Lately, I've been doing a lot of praying as well. I got a few texts from Natalie Grant and watched a few movies and read an article all involving doing random acts of kindness towards strangers. Our hearts are all assaulted at one point, but when you do something for someone else, it makes you feel good. It doesn't matter what it is, it just makes you feel like you've done a good deed and you smile a little wider. I thought I'd give it a try. I've been praying for other people, not just myself. In light of recent events, this is a drastic change for me. I'm always so self centered, to actually do something for someone else on this magnitude is kind of hard to expend. You wouldn't believe some of the stuff that I've been through. After seeing that focusing everything back on me wasn't helping the situation AT ALL, I tried something else. I put down the word "me" and how people could help me, and instead asked how I could help someone else. It was a little hard at first, but after seeing that it was making other people happy, I started to feel that old spark of the real me that I once was.
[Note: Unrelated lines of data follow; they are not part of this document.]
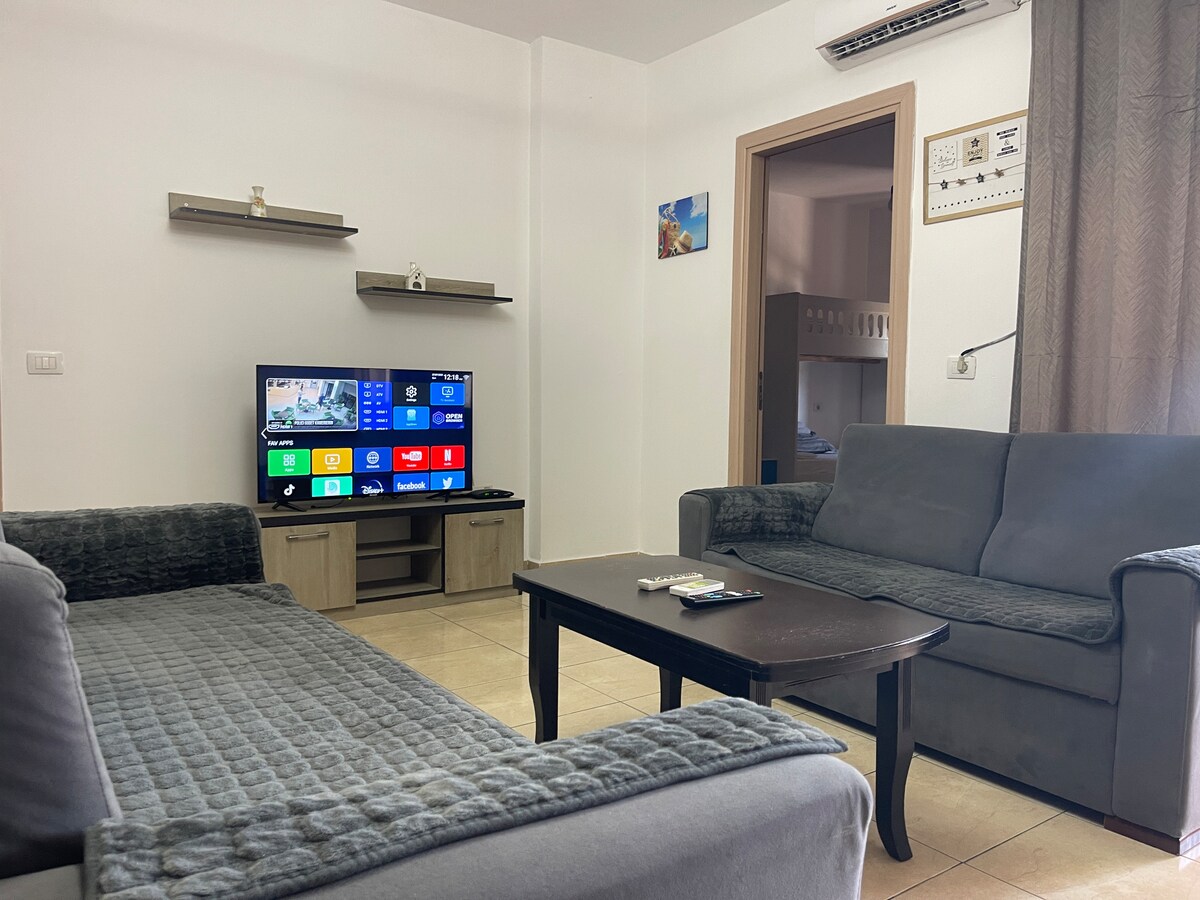 🌞 Step into your sun-kissed escape — a stylish 🌊 sea-view apartment just steps from the sand, where the sound of waves greets you each morning and 🌇 golden sunsets pour into your balcony each night. 💫 Whether you're dreaming of a peaceful getaway, a 💑 romantic retreat, or a 💻 remote work haven, this beachfront stay offers everything you need to relax, recharge, and feel at home in Durrës.
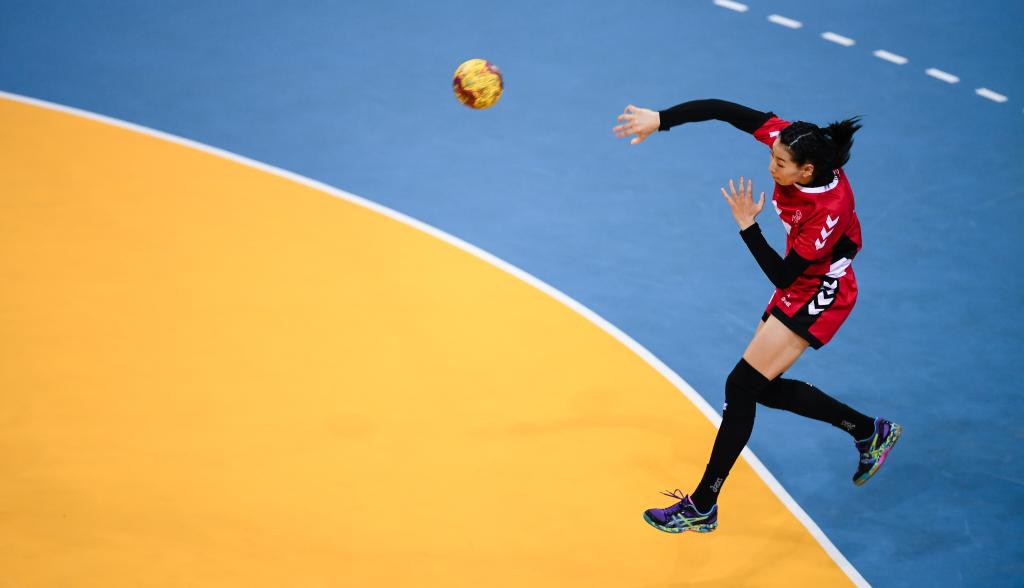 2017年9月1日,安徽队选手杜机娟在第十三届全运会女子手球小组赛A组比赛中。新华社记者 李响 摄
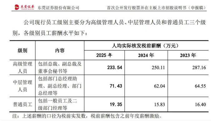 据每日经济新闻,在东莞证券的招股说明书中,公司对各级别员工和各岗位员工薪酬水平予以详细披露。总体来看,2025年东莞证券平均薪酬为24.21万元,同比增长17.87%。
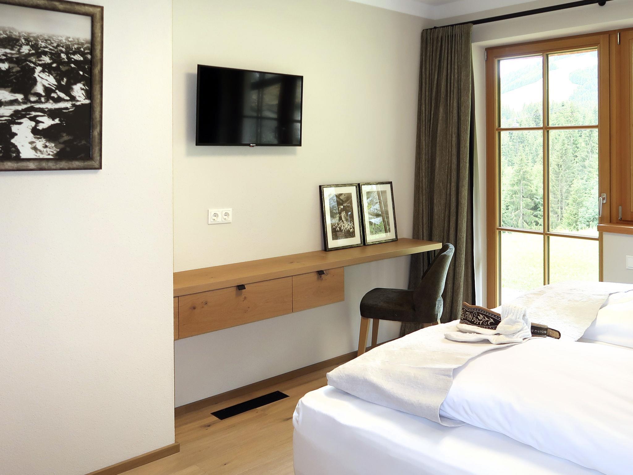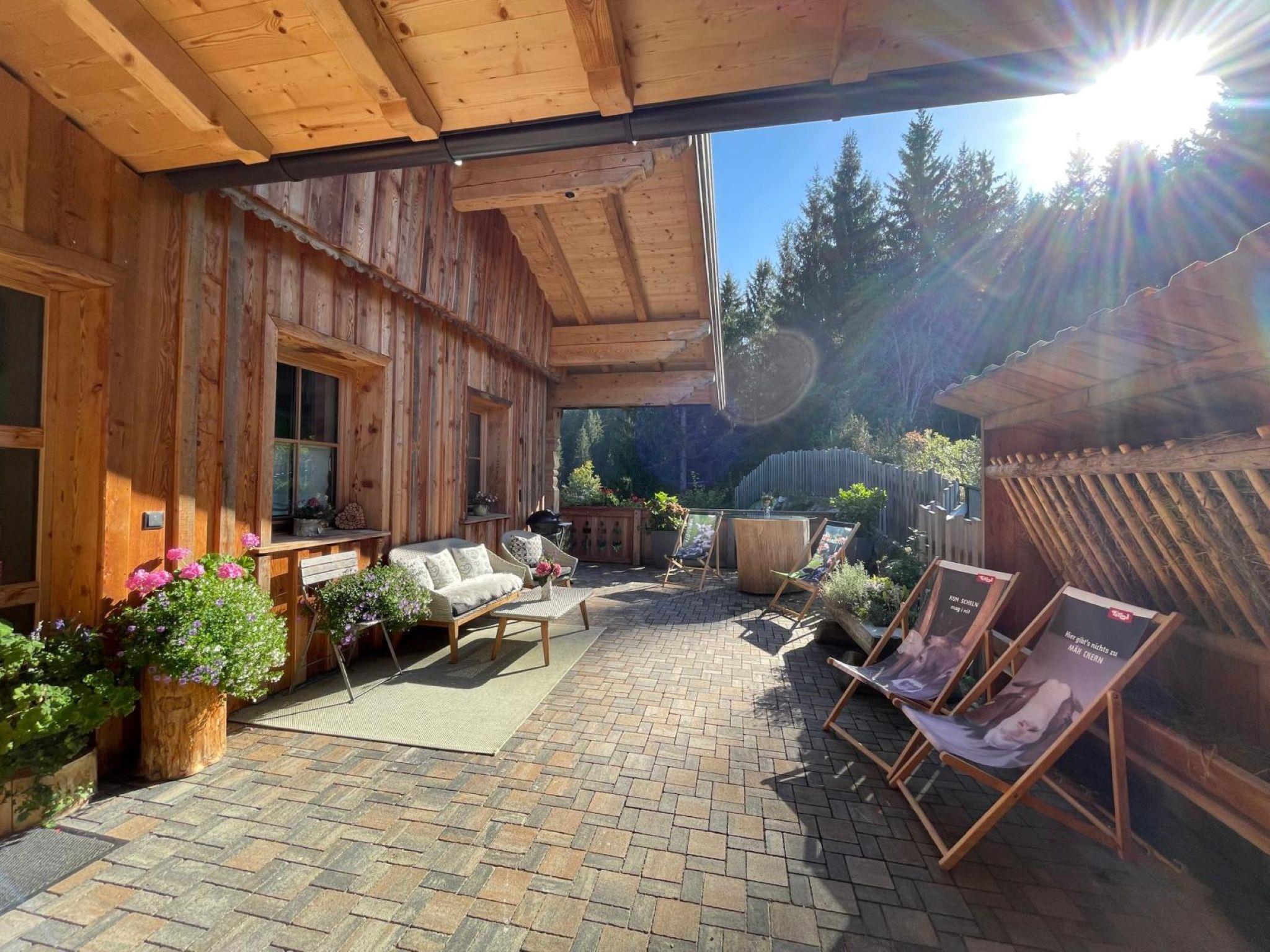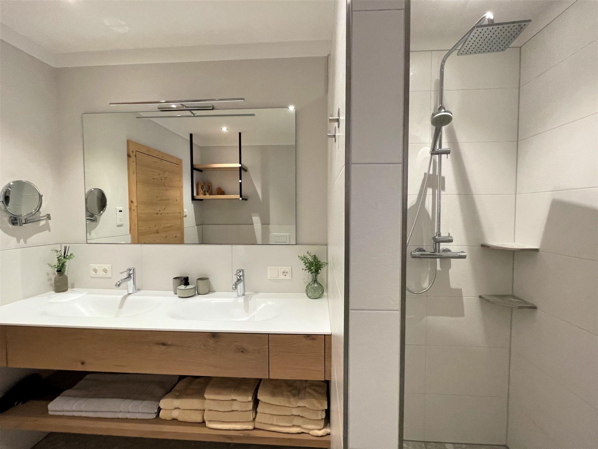 "Chalet Holzerjuwel", 7-room apartment 170 m2, on the ground floor. Bright, very comfortable and tasteful furnishings: entrance hall. 1 double bedroom with satellite TV. Exit to the terrace. 3 double bedrooms, each room with shower/WC and satellite TV. Office with 1 bed and satellite TV. Large kitchen-/living room (oven, dishwasher, 4 ceramic glass hob hotplates, toaster, kettle, electric coffee machine, Capsules for coffee machine (Nespresso)) with dining nook and satellite TV. Exit to the terrace. Shower/WC, sep. WC. Underfloor heating. Wooden floors. 2 large terraces 18 m2. Terrace furniture, electric barbecue, deck chairs (4), box-room. Marvellous panoramic view of the mountains and the valley. Facilities: children's high chair, baby cot, hair dryer. Internet (WiFi, free). Parking (4 cars). Please note: non-smokers only. Private entrance, fire extinguisher. No internal connecting door between the separated properties. Ideal accommodation for home office activities or for a "Workation" - thanks to the extra powerful business WLAN.
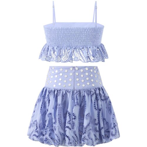 The Luciana Embroidered Bubble Set is a stylish two-piece girls’ outfit featuring delicate embroidery and elegant stud detailing. Designed with a cropped top and a playful bubble skirt, this charming set is perfect for parties, celebrations, and special occasions.

I've tried so hard to be a people pleaser that I never really thought about how to make me better. I know that that last line doesn't make any sense, but go with me on this here...
I'm helping other people and doing things for others because I want to. Not only is this helping me, I'm becoming less self centered and making other people happy as well. This is the biggest change. So now, I'm getting back to my project with the fiercest vengeance you ever did see. I'm going after LGHY with a passion like never before. I have a renewed hope. It took me getting to my lowest point to realise that this was my calling. I do have a purpose. Just watch...want to know what I'm doing differently? I'm making the effort to not take over. I'm just giving it all to God. There is no way that I'm going to just hold this all myself. I know that the impossible feat is possible with Him.
Please, don't think I'm crazy...alright, think I'm crazy all you want. It isn't going to change that I know that this is where I'm supposed to be. This is the me that I was meant to become. I'm finally learning that love is the biggest part of the healing process. Even though I have stopped going to seek "help," I'm still getting help. He is my help. I was meant to do this. I was meant to prowl, encourage, and be that lightening in a bottle I was born. Check out that podcast... It's called "Love is..." by Bryant Underwood under Ethos. It's one of the most amazing messages I ever heard. It's raw, it's real, and it will change your entire outlook. Life sucks, but make it less sucky by not focusing on yourself and more on others. Try accepting love the way God meant it and giving love the way you want it.